We lend extreme weight to a few, favorite hypotheses about any given thing. Hypotheses that are simple to comprehend, analogous to our every day life, and confirm earlier hypotheses.

When confronted with evidence about a given thing we update our judgements by either

  1. ignoring entirely
  2. selectively choosing only the evidence that confirms our priors or
  3. accepting all of the implications of the evidence.

We ignore, select, or accept based not on a platonic ideal of reason but rather on a set of motivations tied to our senses of tribal identity, because belonging is a more important human need than understanding.

The degree to which one believes as if they belong to group x has a deterministic effect on their ability to update their priors in light of new evidence.

Ironically, the people most likely to belong to exclusive groups are least likely to acknowledge the effect that belonging has on these abilities. The myth that they don’t posses an identity is a means to suggest that they are some how more enlightened and reasonable than they actually are.

I don’t know where I’m going with this, but the truism I’m getting to is that whatever attempts one makes to influence someone elses behavior, they will have a far easier time and likely greater effect doing so by appealing to a person’s sense of their identity interests, not by educating or trying to update their hypothesis.

As an unfounded leap, I think this is why immersion and integration are so transformative: by forcing someone to ignore their previous hypotheses in light of their new experience, they are left with (for a time, anyway) the need to accept implications of the new evidence.

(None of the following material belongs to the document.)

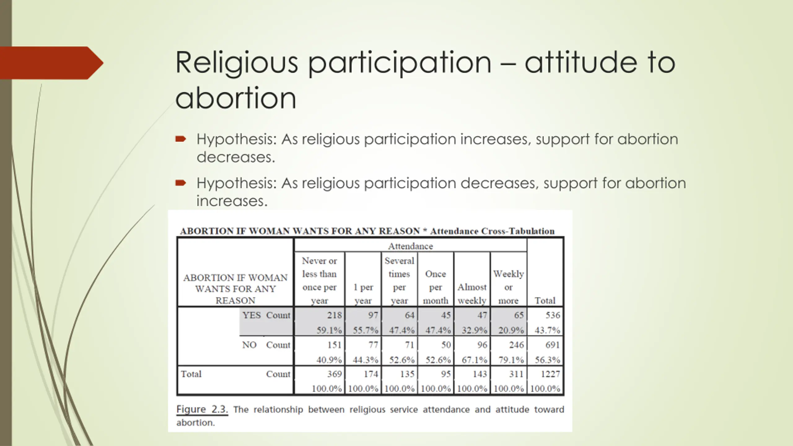 Religious participation attitude to abortion Hypothesis: As religious participation increases, support for abortion decreases. Hypothesis: As religious participation decreases, support for abortion increases.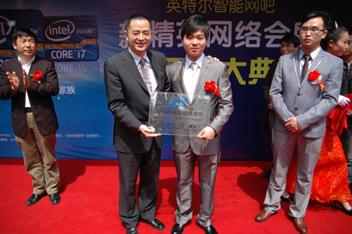 英特尔华西区总经理贾培先生向新精英网络会所网吧业主郑锦清先生授牌

In other words: if nothing changes, nothing will change. I don’t think you can remain comfortable and learn. I think the inverse is likely true: to the extent you seek comfort, your learning abilities will atrophy.

Last idea: if your biases are that some things are incomprehensibly complex, you won’t be able to easily accept flexible rules of thumb; you will preferentially accept only clear (and thus woefully limited) rules.

In closing - acknowledge that you have priors and that you have motivated reasons for thinking what you think. Try to accept that simplistic answers are often, at best, only useful for a small range of possible scenarios. And remember that everyone you meet will have these same issues in how they think and form judgements, so meet them where they are, and not where you’re at.